A drawing of a terminal

Mash | My Automation Shell

A shell that can be used to for automation and (REST) resource discovery. It can be used as a cli, repl. It exposes a complete programming language with variables, functions, conditions and pipes. The language can be tailored towards domain-specific applications and it has interoperability with Bash. In addition, this repository contains a library of utilities.

Features:

  • A DSL that can interpret user-defined commands: shell.py.
  • A file-browser. Query both static datastructures and REST APIs: examples/filesystem.py,
  • A REST client to browse APIs with a programmatic yet intuitive interface: examples/discoverable_api.py.
  • An object parser which converts JSON data to Python classes: object_parser.py.
  • An OAS-generator for Python classes: oas.py.
  • A subshell wrapper, to redirect the output of shell scripts: subshell.py.
  • A parallelization framework for load testing: parallel.py.

Links

Shell

Example of a shell with a dropdown completion menu

pip install mash-shell
python -m mash

See src/examples for advances usage examples.

Documentation

| Implementation: Shell

Table of Contents

Usage

See reference.

CLI

▶ python -m mash -h
usage: shell.py [-hvsr][-f FILE] [--session SESSION] [cmd [cmd ...]]

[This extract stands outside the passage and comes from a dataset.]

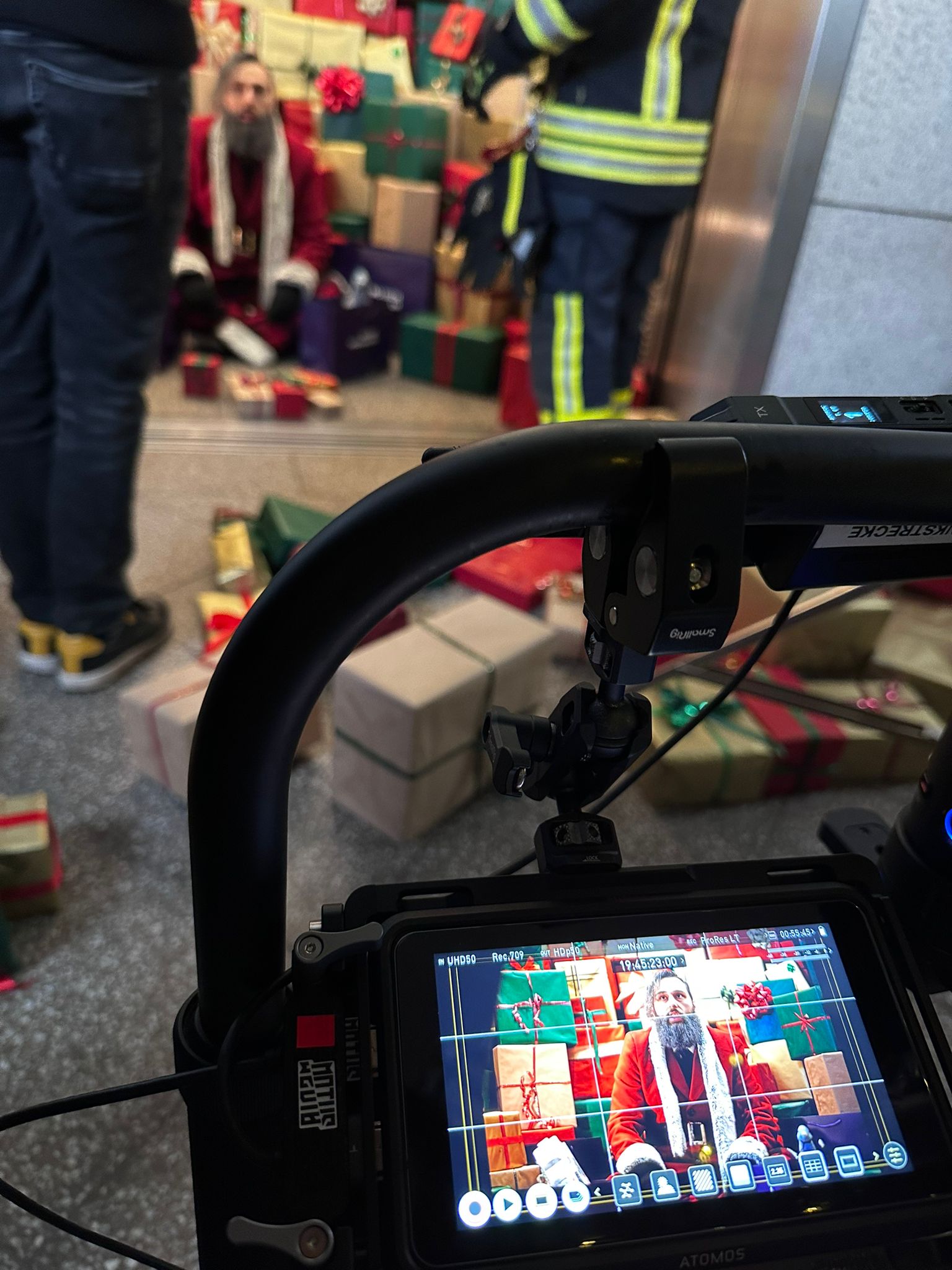 Die Produktion des herzerwärmenden Films war eine Mammutaufgabe, die von 35 ehrenamtlich engagierten Feuerwehrleuten vor und hinter der Kamera gemeistert wurde. Mit 8 Drehtagen, 70 Takes und 1.500 GB Rohmaterial wurde eine beeindruckende Leistung vollbracht. Von der sorgfältigen Planung der Kostüme, Sets und Requisiten ab Januar bis zu den Dreharbeiten an 7 verschiedenen Locations im November – darunter eine Weihnachtsmannwerkstatt in der Schreinerei Caspari in Okriftel und im Main-Taunus-Zentrum in Sulzbach.

If no positional arguments are given then an interactive subshell is started.

positional arguments:
  cmd                   A comma- or newline-separated list of commands

optional arguments:
  -h, --help            show this help message and exit
  -v, --verbose
  -s, --safe            Safe-mode. Ask for confirmation before executing commands.
  -f FILE, --file FILE  Read and run FILE as a commands
  -r, --reload          Reload last session
  --session SESSION     Use session SESSION

Filesystem (CRUD Operations)

See examples/filesystem.py and examples/discoverable.py.

Example Description
cd [DIR] Change the current working directory. Alias: use
list [DIR] List the items in a directory. Use the current working directory by default. Alias: l
foreach [DIR] Iterate over a directory structure. E.g. a resource users/{id}/email.
get NAME Retrieve a file.
set NAME VALUE Modify a file.
new NAME [NAME..] Create new directories.
show [NAME] Display detailed information about a directory.
cp, mv, rm Modify files. I.e. copy, move, rename or remove files.

Usage Examples

For real-world examples, see lib.

Example 1

See src/examples/shell_example.py. It shows how to use a user-definnable mapping of custom functions. It uses the library quo to create a user-friendly subshell with autocompletion prompts.

# python3 src/examples/shell_example.py echo 'hello world'
hello world

Example 2: REST Client

Browse through a REST API as if it is mounted as a filesystem.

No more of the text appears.